Le foulard sert souvent de baromètre de la vie politique.  Avec l'assouplissement du régime sous la présidence de Mohammad Khatami (1997-2005), les contrôles de la police des moeurs se relâchent.  Mais au lendemain de son élection en 2005, son successeur Mahmoud Ahmadinejad se sent obligé de donner des gages à sa base et à ses parrains ultraconservateurs.  Les patrouilles qui sanctionnent les femmes dont les mèches de cheveux dépassent trop du foulard se multiplient.  

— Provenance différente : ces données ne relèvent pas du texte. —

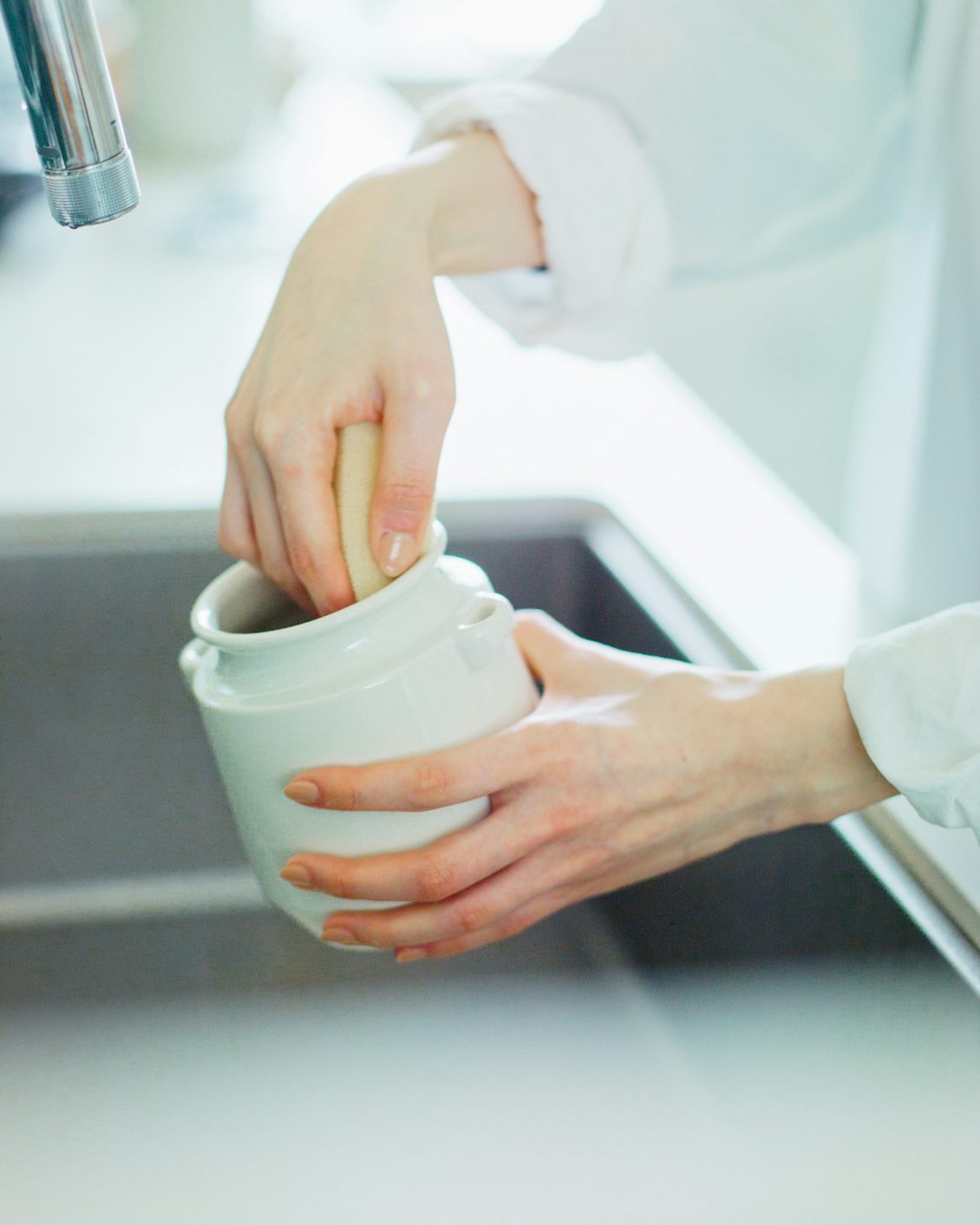 口径は、中に手を入れて洗うことができる大きさ。つるんとした質感なので油汚れも落としやすく、お手入れが楽にできます。

Pourtant, quand au cours de son second mandat, le dirigeant populiste entre en conflit avec le Guide de la révolution et le Parlement, il change de discours et tente de séduire la jeunesse.   Ahmadinejad réclame qu'on cesse les actions répressives destinées à faire respecter le port du voile.  "D'une façon générale, en période électorale, ou quand les tensions sociales montent, les contrôles sont allégés", souligne Azadeh Kian. 

 

Quant à l'actuel président, Hassan Rohani, qui a nommé des femmes gouverneures, il a reconnu, en avril 2017, qu'il "existe toujours des insuffisances dans les droits des femmes et l'égalité entre les sexes".  Une manifestation -non autorisée- contre les femmes mal voilées a rassemblé à peine 4 000 personnes à Téhéran en mai 2014.   Commmentaire du gouverneur de la province: "Ceux qui contestent les atteintes à la vertu ne devraient pas eux-mêmes s'abstenir de respecter la loi"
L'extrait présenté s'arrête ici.